My desire to ‘make a difference’ was what attracted them. They told me that I would be protecting the country, helping to save lives, that sort of thing, but although the secrecy element is huge, there is very little glamour or financial reward.

Some time later I received a home visit. My parents were in Cannes at the time. It was just as well too, as the personal questions I was exposed to for the next hour or so would have turned my poor parent’s hair white overnight! I was interrogated about every personal relationship I’d ever had! No stone was left unturned.

Initially, that feeling of being cut off from the real world was all consuming. When I left Random House and my first posting came through, I walked from home to my new office and started as an Intelligence Analyst. In due course I would go on to become an MI5 officer co-ordinating various counter terrorist operations. It was imperative that the team worked as a cohesive unit. I increasingly only socialised with other officers and developed several close friendships as it had become virtually impossible to have a life in my old world. We all talked the same ‘in house’ language and if anyone overheard snatches of our conversations they would have been hard pressed to work out what was being discussed.

Most of the operations we tackled were very fast-paced and officers are required to work around the clock on those occasions; if things go well and a terrorist threat is nipped in the bud, you might crash into bed, absolutely bushed and get up later to find hardly a mention of it on the news or in the papers. You’re so proud of your efforts and the damage to property and loss of life that was prevented, yet nobody knows about it and you certainly can’t share your contributions with anyone.
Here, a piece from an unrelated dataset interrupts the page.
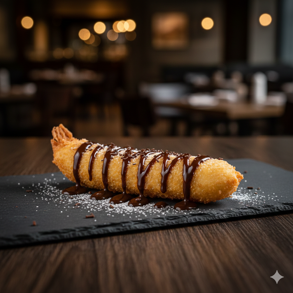 Banana tempurizada, bañada en sirope de chocolate.

Those were the times when I felt most isolated.

We didn’t always get it right; if you missed something, the tiniest scrap of information that just might have avoided a bomb going off, people dying, that’s when you feel frustrated, angry and above all guilty.

In 2005 we were inundated with new recruits, training and new initiatives; the terrorist threat on the streets of the UK had been ramped up; the government’s reply was to pile more and more work onto us. We were stretched to breaking point.
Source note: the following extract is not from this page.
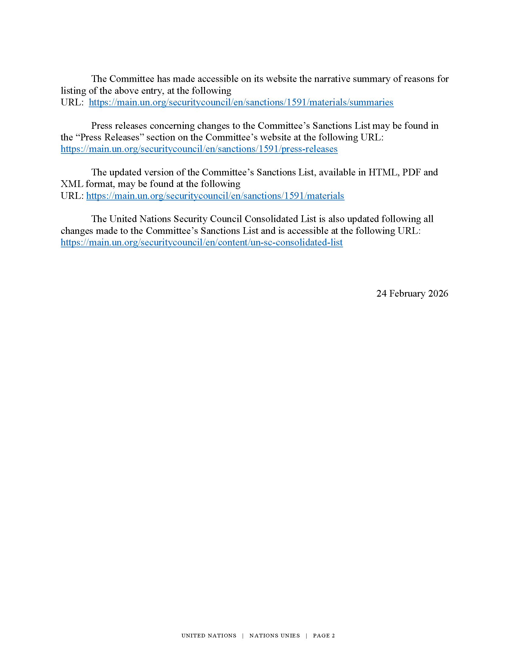 Ārlietu ministrijas informācija Rīgā 2026. gada 26. februārī Par ANO sankcijāmĀrlietu ministrija saskaņā ar Starptautisko un Latvijas Republikas nacionālo sankciju likuma 11. panta pirmo prim daļu publicē oficiālajā izdevumā "Latvijas Vēstnesis" informāciju par Apvienoto Nāciju Organizācijas (turpmāk - ANO) Drošības padomes rezolūcijas grozījumiem. 2026. gada 24. februārī ANO Drošības padome saskaņā ar rezolūciju Nr. 1591 (2005) noteica sankcijas pret četriem Sudānas pilsoņiem. Lūgums skatīt ANO notu un skaidrojošo informāciju pielikumā. Personas, kurām noteiktas sankcijas: SDi.007 Vārds: 1: GEDO 2: HAMDAN 3: AHMED; Amats: Commander for the North Darfur section of the Rapid Support Forces; Pazīstams arī kā (augsta ticamība): Abu Nashuk; Valstspiederība: Sudāna; Pievienots sankciju sarakstam: 2026. gada 24. februārī; Dzimums: Vīrietis. SDi.008 Vārds: 1: ABDUL 2: RAHIM 3: HAMDAN 4: DAGALO; Amats: Rapid Support Forces (RSF) Deputy Leader; Dzimšanas datums: 1972. gada 1. janvāris; Dzimšanas vieta: Kartuma, Sudāna; Valstspiederība: Sudāna; Pievienots sankciju sarakstam: 2026. gada 24. februārī; Dzimums: Vīrietis. SDi.009 Vārds: 1: AL-FATEH 2: ABDULLAH 3: IDRIS; Amats: Brigadier General of Rapid Support Forces; Pazīstams arī kā (augsta ticamība): Abu Lulu; Valstspiederība: Sudāna; Pievienots sankciju sarakstam: 2026. gada 24. februārī; Dzimums: Vīrietis. SDi.010 Vārds: 1: TIJANI 2: IBRAHIM 3: MOUSSA 4: MOHAMED; Amats: Field Commander of the Rapid Support Forces; Pazīstams arī kā (augsta ticamība): Al Zeir Salem; Valstspiederība: Sudāna; Pievienots sankciju sarakstam: 2026. gada 24. februārī; Dzimums: Vīrietis. Ārlietu ministrijas |

I had been assigned to a team investigating the threat of a terrorist attack in ’04; two of the suicide bombers who carried out the July London bombings had appeared on the fringes of that operation. We had surveillance photos of them but we had not identified them or followed up in any detail as they appeared to be petty criminals, not involved in attack planning. There was no reason to believe that they would do what they did. We finished up the ’04 investigation with arrests of the main protagonists and switched our attention to another item on our ever growing list.

Hindsight is a great thing; every day I wonder what my life would have been like if we’d put those two bit part players under the microscope. Over Christmas at the end of that year I went to several parties with friends and colleagues from the service. I had a little too much to drink and slipped on an icy pavement as we left about the seventh bar; one of my friends helped me get to the closest Emergency Department where I was seen by a young doctor.
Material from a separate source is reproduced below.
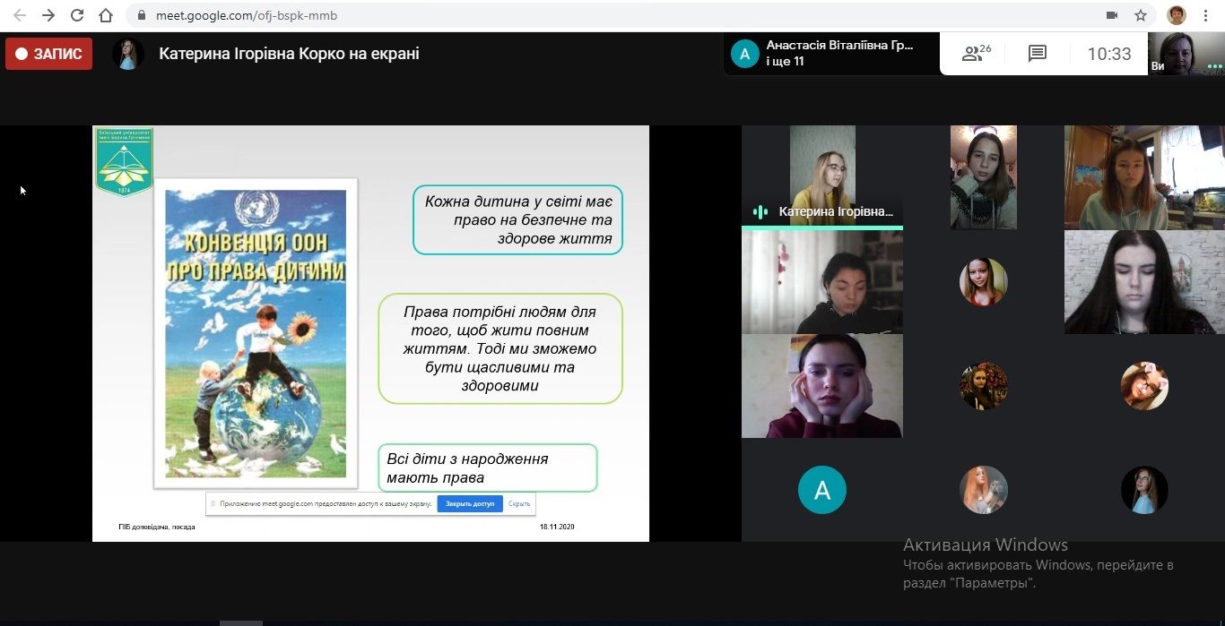 З цієї нагоди 18 листопада 2020 року було проведено онлайн семінар з теми «Права дітей: дослідження, досвід, рефлексія» (до Всесвітнього дня дитини).

He judged my ankle was badly sprained and that I would be suffering from a hangover in the morning. As he held my ankle gently and looked into my eyes I felt something I’d never felt before.”

“Cold hands?” Colin asked mischievously.

Athena glared at him and continued.

“Despite the problems that my job would pose and the unsocial hours that he undoubtedly worked, I was dead set on seeing him again. We started dating in the New Year and by the end of June we were engaged. I can’t reveal his name for obvious security reasons but I loved him dearly.